The records
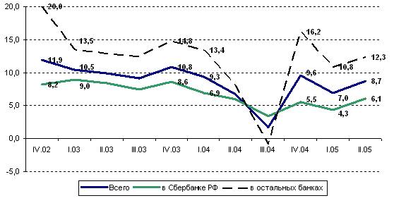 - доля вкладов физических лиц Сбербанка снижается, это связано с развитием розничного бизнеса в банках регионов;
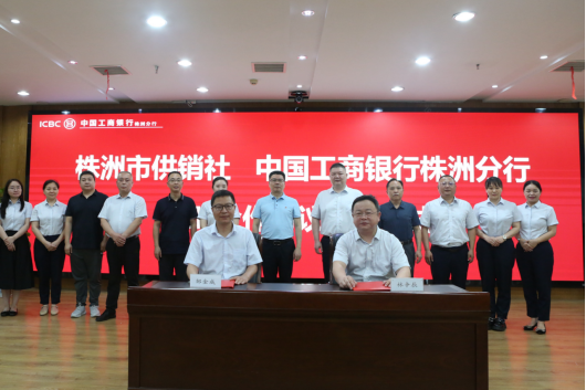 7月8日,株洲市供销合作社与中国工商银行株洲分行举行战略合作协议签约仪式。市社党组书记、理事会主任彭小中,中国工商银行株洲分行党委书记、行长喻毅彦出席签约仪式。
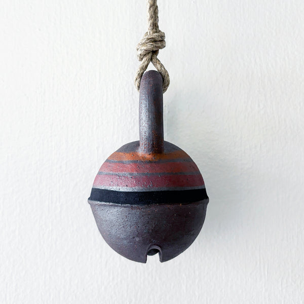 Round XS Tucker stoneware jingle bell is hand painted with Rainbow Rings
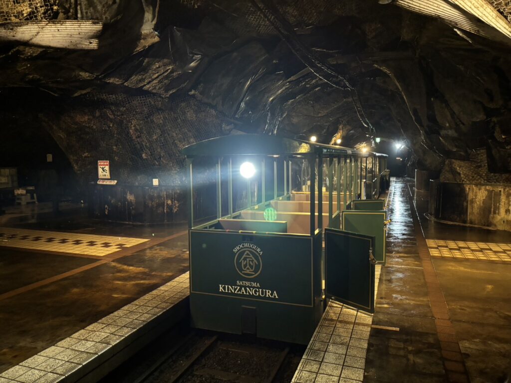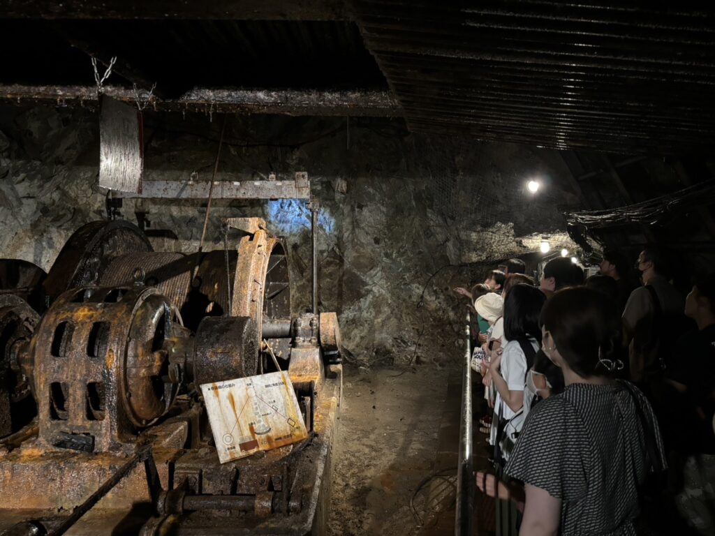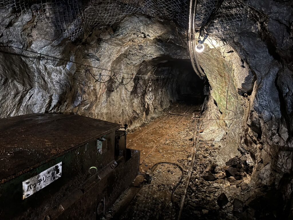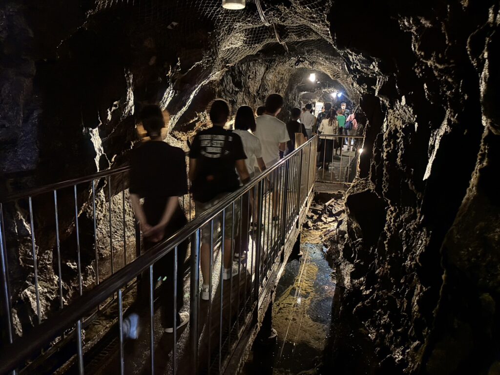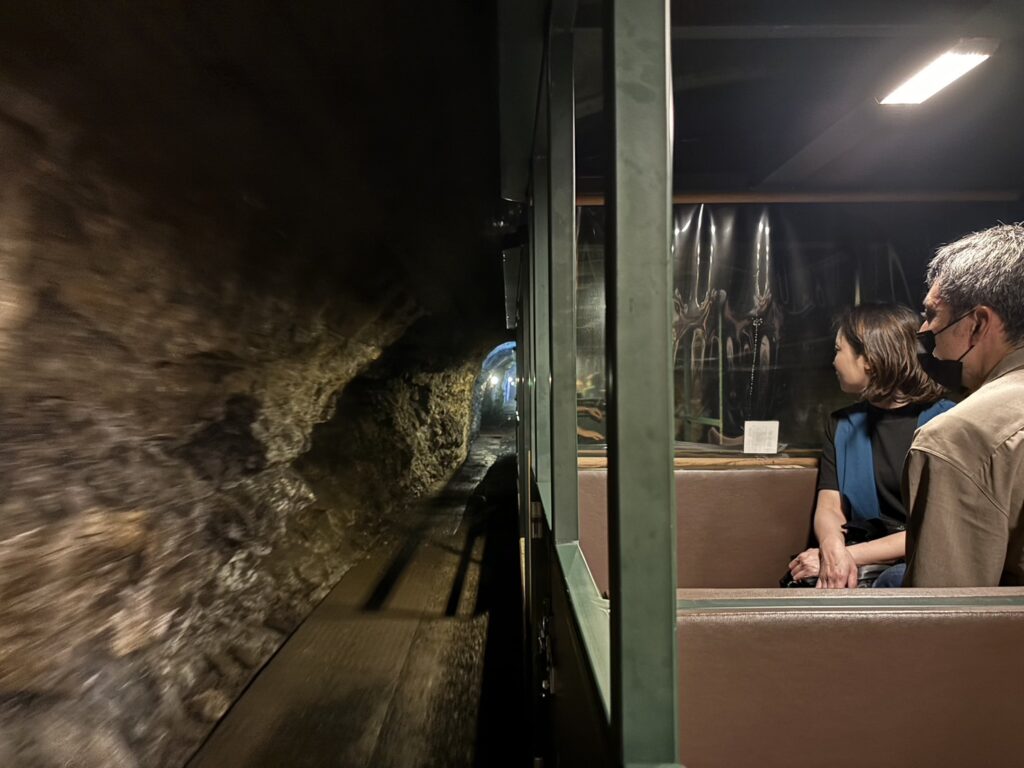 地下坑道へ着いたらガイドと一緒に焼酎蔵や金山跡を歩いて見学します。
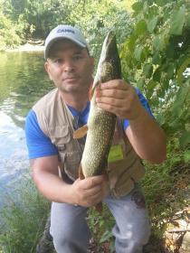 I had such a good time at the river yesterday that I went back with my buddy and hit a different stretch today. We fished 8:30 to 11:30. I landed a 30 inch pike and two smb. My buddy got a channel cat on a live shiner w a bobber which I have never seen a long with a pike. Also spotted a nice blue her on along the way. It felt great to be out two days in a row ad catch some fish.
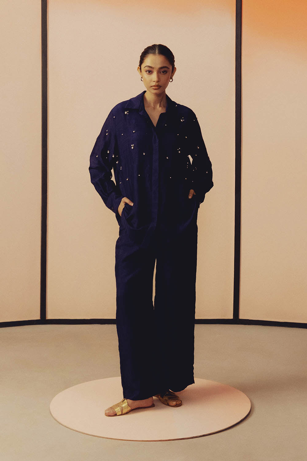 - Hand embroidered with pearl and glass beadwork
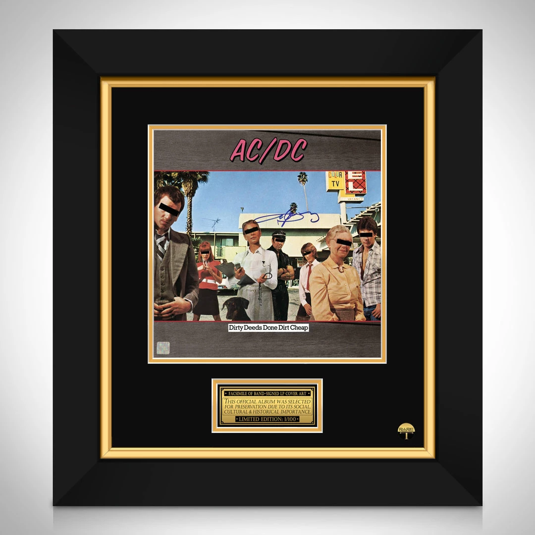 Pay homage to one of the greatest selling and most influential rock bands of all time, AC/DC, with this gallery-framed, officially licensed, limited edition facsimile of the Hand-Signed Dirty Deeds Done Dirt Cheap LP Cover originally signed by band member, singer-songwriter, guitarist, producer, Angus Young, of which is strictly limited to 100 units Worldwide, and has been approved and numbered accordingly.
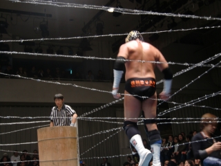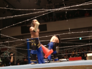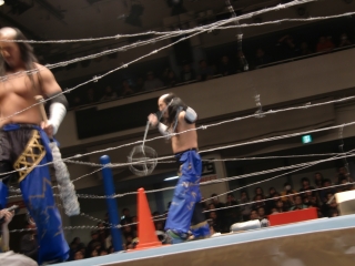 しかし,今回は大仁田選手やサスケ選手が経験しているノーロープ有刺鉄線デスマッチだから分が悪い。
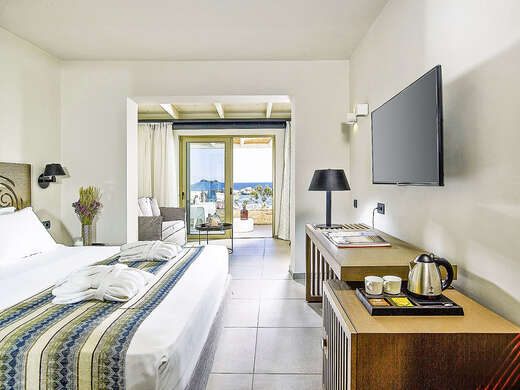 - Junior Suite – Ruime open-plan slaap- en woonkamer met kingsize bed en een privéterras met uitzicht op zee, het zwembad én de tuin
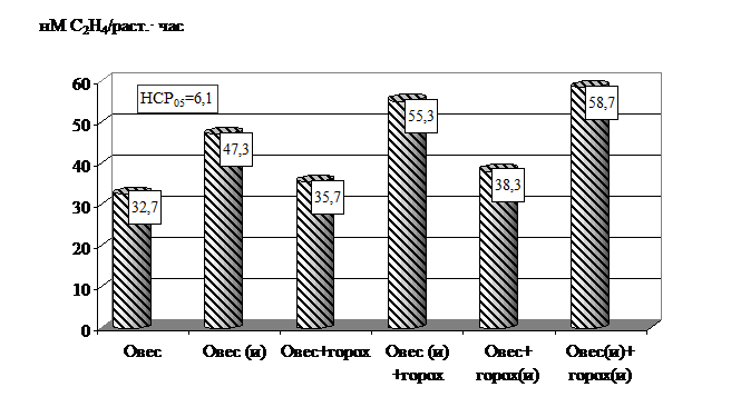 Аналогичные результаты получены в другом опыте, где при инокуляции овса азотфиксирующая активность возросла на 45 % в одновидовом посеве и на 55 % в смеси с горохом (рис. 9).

Work request
Going from the line with "しかし,今回は大仁田選手やサ" to the last line of the listing, write out each line exactly and nothing else. Leave out all pictures.

Response to this exercise
 しかし,今回は大仁田選手やサスケ選手が経験しているノーロープ有刺鉄線デスマッチだから分が悪い。
 - Junior Suite – Ruime open-plan slaap- en woonkamer met kingsize bed en een privéterras met uitzicht op zee, het zwembad én de tuin
 Аналогичные результаты получены в другом опыте, где при инокуляции овса азотфиксирующая активность возросла на 45 % в одновидовом посеве и на 55 % в смеси с горохом (рис. 9).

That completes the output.